*** Opening of Supplied information ***
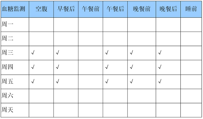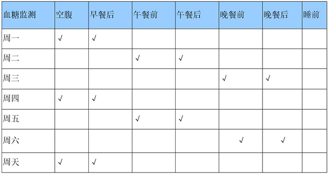 注:经过强化监测方案,得到了充分的血糖数值并采取相应的治疗措施之后,可以减少到交替监测方案
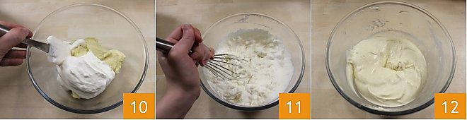 Wenn die Puddingcreme vollständig abgekühlt ist, fügen Sie die Chantilly-Creme hinzu 10 und rühren Sie die beiden Cremes mit einem Schneebesen, bis eine schaumige, glatte und homogene Masse entsteht 12. Ihre Diplomatencreme ist fertig!
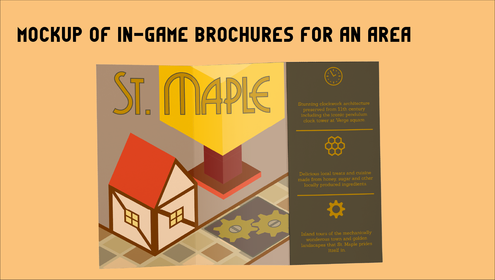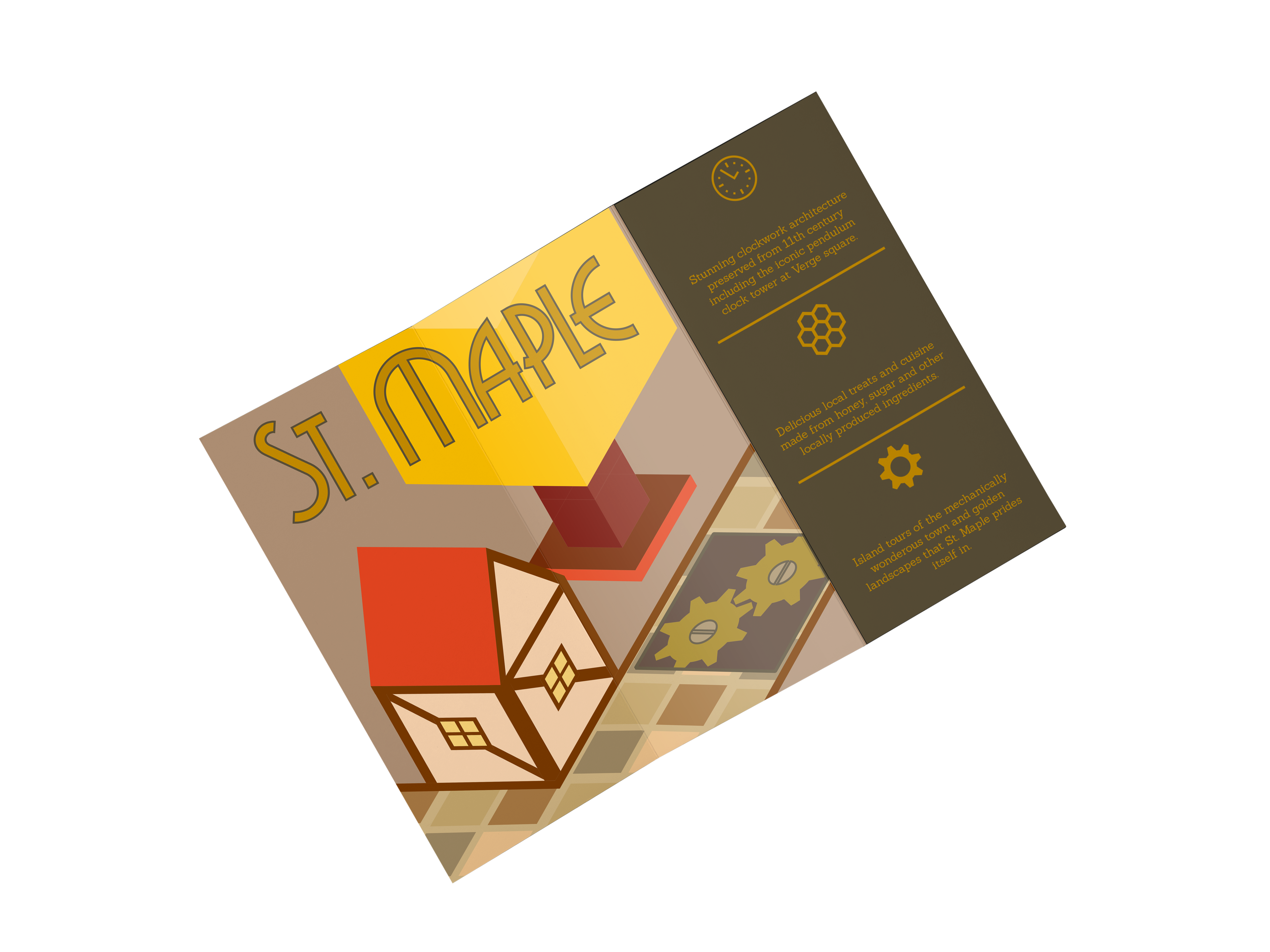 The theming of the game was around traveling and hotel resorts! Each location in the game would have brochures advertising the mechanics of each world.
*** Close of Supplied information ***
[Exercise directions]: A word-for-word copy of the material is required; pictures stay out of it.

[Response to the exercise]:
 注:经过强化监测方案,得到了充分的血糖数值并采取相应的治疗措施之后,可以减少到交替监测方案
 Wenn die Puddingcreme vollständig abgekühlt ist, fügen Sie die Chantilly-Creme hinzu 10 und rühren Sie die beiden Cremes mit einem Schneebesen, bis eine schaumige, glatte und homogene Masse entsteht 12. Ihre Diplomatencreme ist fertig!
 The theming of the game was around traveling and hotel resorts! Each location in the game would have brochures advertising the mechanics of each world.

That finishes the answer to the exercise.